ASSIGNMENT
An exact copy of the data is needed, but without any of its images.

START DATA

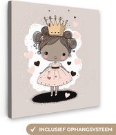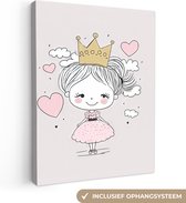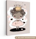 Canvas Schilderij Prinsessen - Jurk - Hartjes - Pastel - Meisjes - 90x120 cm - Wanddecoratie
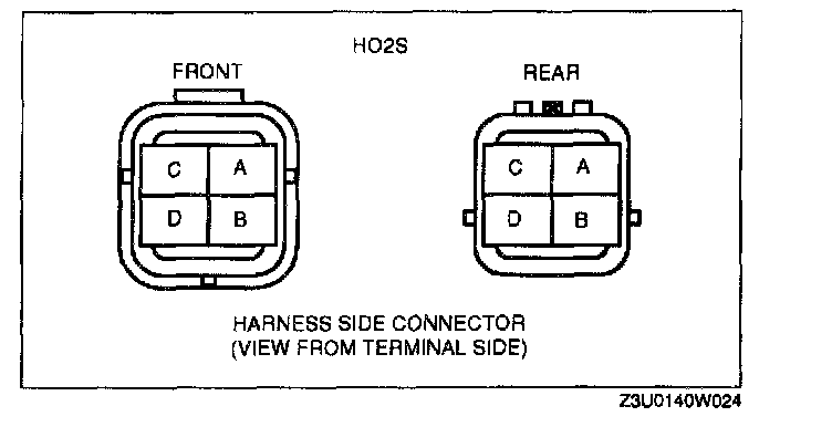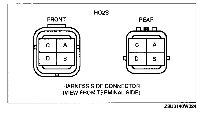 - GND circuit (HO2S connector terminal D and PCM connector terminal 94 (Front), 93 (Rear) to GND)
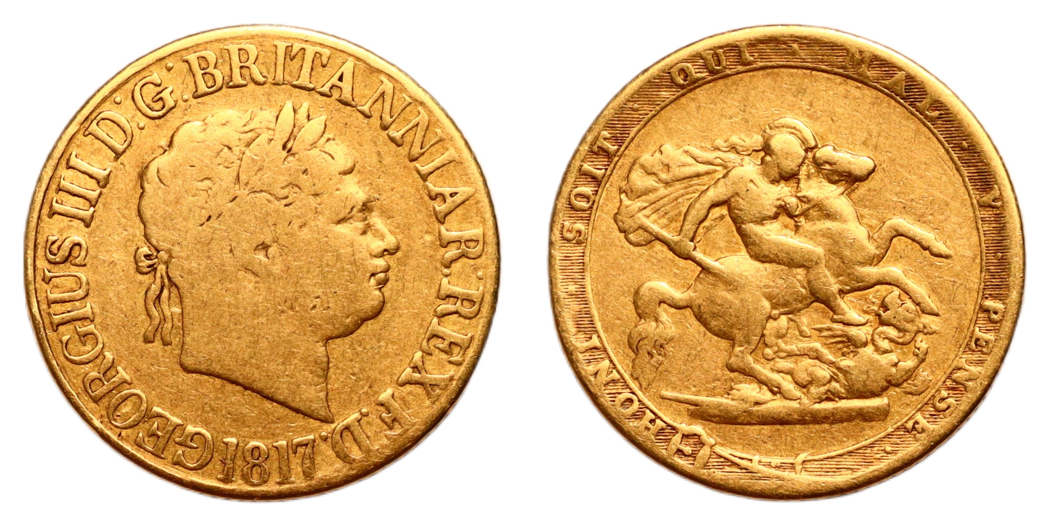 Sovereign, 1817, laureate head right, date below, rev. St. George slaying dragon, within garter, (SCBC 3785). Fine

END DATA

RESULT
 Canvas Schilderij Prinsessen - Jurk - Hartjes - Pastel - Meisjes - 90x120 cm - Wanddecoratie
 - GND circuit (HO2S connector terminal D and PCM connector terminal 94 (Front), 93 (Rear) to GND)
 Sovereign, 1817, laureate head right, date below, rev. St. George slaying dragon, within garter, (SCBC 3785). Fine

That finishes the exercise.